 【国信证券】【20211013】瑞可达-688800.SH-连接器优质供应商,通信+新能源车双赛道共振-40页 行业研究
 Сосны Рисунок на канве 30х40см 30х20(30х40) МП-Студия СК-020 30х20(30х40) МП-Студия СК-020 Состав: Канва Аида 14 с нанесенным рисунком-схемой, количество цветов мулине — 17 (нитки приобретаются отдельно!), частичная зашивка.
--
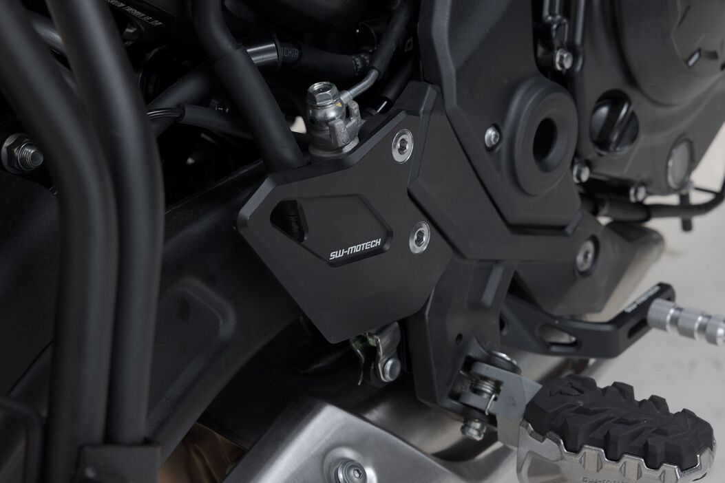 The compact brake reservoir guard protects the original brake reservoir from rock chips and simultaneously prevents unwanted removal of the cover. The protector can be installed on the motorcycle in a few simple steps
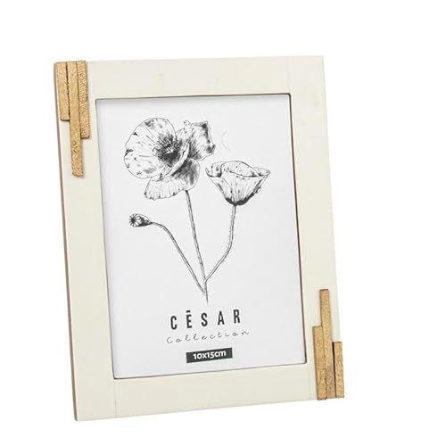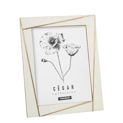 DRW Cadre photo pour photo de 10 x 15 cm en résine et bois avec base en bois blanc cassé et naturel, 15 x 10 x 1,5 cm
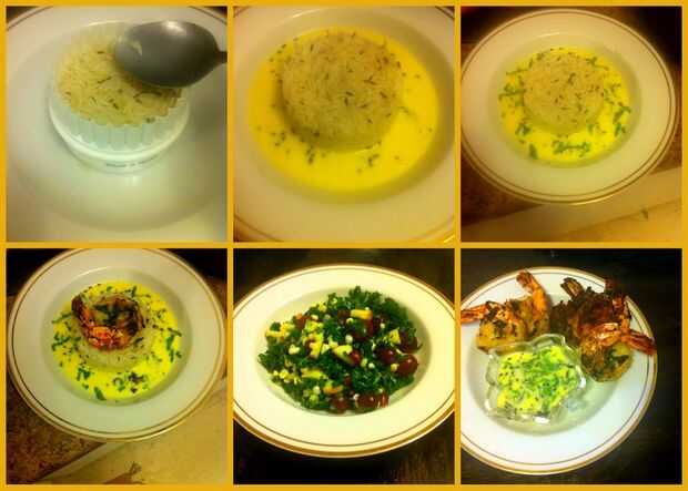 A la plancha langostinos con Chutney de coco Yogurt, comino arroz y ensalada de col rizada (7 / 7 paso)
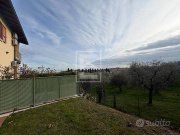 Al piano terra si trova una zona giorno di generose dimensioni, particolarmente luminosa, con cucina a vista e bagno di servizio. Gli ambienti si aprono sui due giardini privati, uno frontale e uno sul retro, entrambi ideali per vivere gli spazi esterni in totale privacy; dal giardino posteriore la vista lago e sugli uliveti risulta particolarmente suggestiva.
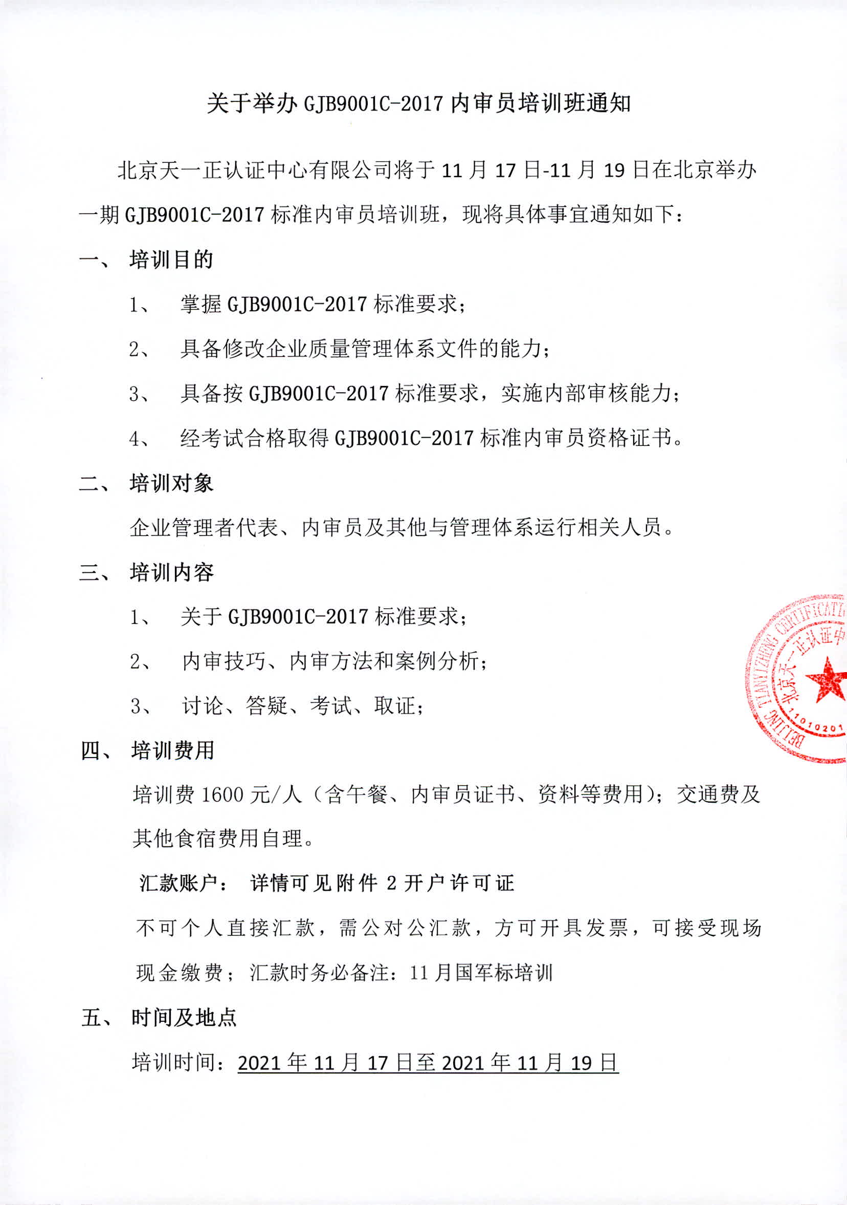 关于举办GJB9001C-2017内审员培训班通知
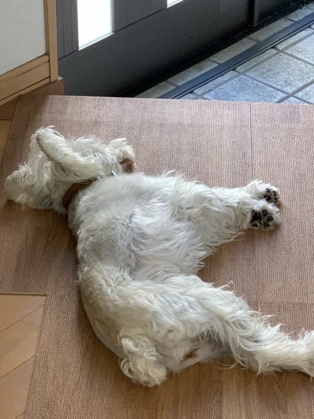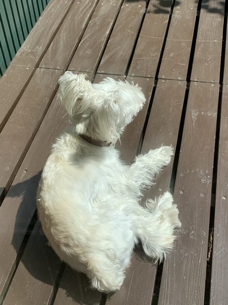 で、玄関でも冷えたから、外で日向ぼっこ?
* * *
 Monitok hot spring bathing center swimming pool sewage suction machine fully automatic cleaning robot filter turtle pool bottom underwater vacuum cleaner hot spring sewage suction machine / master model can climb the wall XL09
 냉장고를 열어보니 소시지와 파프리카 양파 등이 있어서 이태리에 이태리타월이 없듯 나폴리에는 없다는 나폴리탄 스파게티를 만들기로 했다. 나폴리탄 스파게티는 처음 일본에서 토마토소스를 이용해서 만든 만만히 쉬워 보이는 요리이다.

--- WHAT THE TASK REQUIRES ---
Look above for the line with "关于举办GJB9001C-2017内审员培训班通知" and the line with "で、玄関でも冷えたから、外で日向ぼっこ?"; set down those two lines and all lines between them exactly, without pictures and without anything else.

--- TASK RESPONSE ---
 关于举办GJB9001C-2017内审员培训班通知
 で、玄関でも冷えたから、外で日向ぼっこ?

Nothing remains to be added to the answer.